Poor mind, what would you have them write?
Some cabalistic history
Whose authorship you might ascribe
To God? to Nature? Ah, poor ghost,
You’ve capitalized your Self enough.
That villainous William of Occam
Cut out the feet from under that dream
Some seven centuries ago.
It’s taken that long for the mind
To waken, yawn and stretch, to see
With opened eyes emptied of speech
The real world where the spelling mind
Imposes with its grammar book
Unreal relations on the blue
Swallows. Perhaps when you will have
Fully awakened, I shall show you
A new thing: even the water
Flowing away beneath those birds
Will fail to reflect their flying forms,
And the eyes that see become as stones
Whence never tears shall fall again.

O swallows, swallows, poems are not
The point. Finding again the world,
That is the point, where loveliness
Adorns intelligible things
Because the mind’s eye lit the sun.

Animal metaphors are so deeply ingrained in not only our literature but our very language that it is far too easy to think of them metaphorically, “Seeing the swallows’ tails as nibs/ Dipped in invisible ink, writing.”

There’s also a natural tendency to see ourselves reflected in nature, or at the very least, like the Puritans, to think that God reveals himself to us through nature, “Poor mind, what would you have them write?/ Some cabalistic history/
Whose authorship you might ascribe/ To God?”

You’d be forgiven if you thought that this was my favorite poem simply because blue-colored tree swallows are one of my favorite photographic subjects:

Tree Swallow

but, like Nemerov, I’d argue that photographs are not

The point. Finding again the world,
That is the point, where loveliness
Adorns intelligible things
Because the mind’s eye lit the sun.

Nemerov’s “Elegy for a Nature Poet”

If the previous volume saw a sudden introduction of poems about nature, the early ‘60’s saw a sudden increase in humorous poems. In fact, humor, bordering on sarcasm and cynicism become prominent in The Next Room of the Dream (1962).

This one is probably my favorite for rather obvious reasons:

ELEGY FOR A NATURE POET

It was in October, a favorite season,
He went for his last walk. The covered bridge,
Most natural of all the works of reason,
Received him, let him go. Along the hedge

He rattled his stick; observed the blackening bushes
In his familiar field; thought he espied
Late meadow larks; considered picking rushes
For a dry arrangement; returned home, and died

of a catarrh caught in the autumn rains
And let go on uncared for. He was too rapt
In contemplation to recall that brains
Like his should not be kept too long uncapped

In the wet and cold weather.
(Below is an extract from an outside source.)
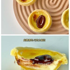 -蛋挞皮放到炸篮中,把蛋挞液倒进蛋挞皮里

While we mourned,
We thought of his imprudence, and how Nature,
Whom he’d done so much for, had finally turned
Against her creature.

His gift was daily his delight, he peeled
The landscape back to show it was a story;
Any old bird or burning bush revealed
At his hands just another allegory.

Nothing too great, nothing too trivial
For him; from mountain range or humble vermin
He could extract the hidden parable-
If need be, crack the stone to get the sermon.

And now, poor man, he’s gone. Without his name
The field reverts to wilderness again,
The rocks are silent, woods don’t seem the same;
Demoralized small birds will fly insane.

Rude Nature, whom he loved to idealize
And would have wed, pretends she never heard
His voice at all, as, taken by surprise
At last, he goes to her without a word.

It’s easy to forget in your admiration of nature’s beauty that there’s always a darker side to that beauty. If you only see wolves or tigers in the zoo, you’re liable to forget that they survive by killing all those other animals you find so beautiful.

The heart of the poem seems to be found in the lines, “He was too rapt/ In contemplation to recall that brains/ Like his should not be kept too long uncapped.” The pun carries the humor, though it’s definitely a dark humor to fit the subject matter of the poem. Those who romanticize nature do so at their own risk.

It’s too easy to fall into the trap of seeing nature as we would like it to be, rather than seeing it in its fullness, which turns out to be awesomely beautiful in its own right.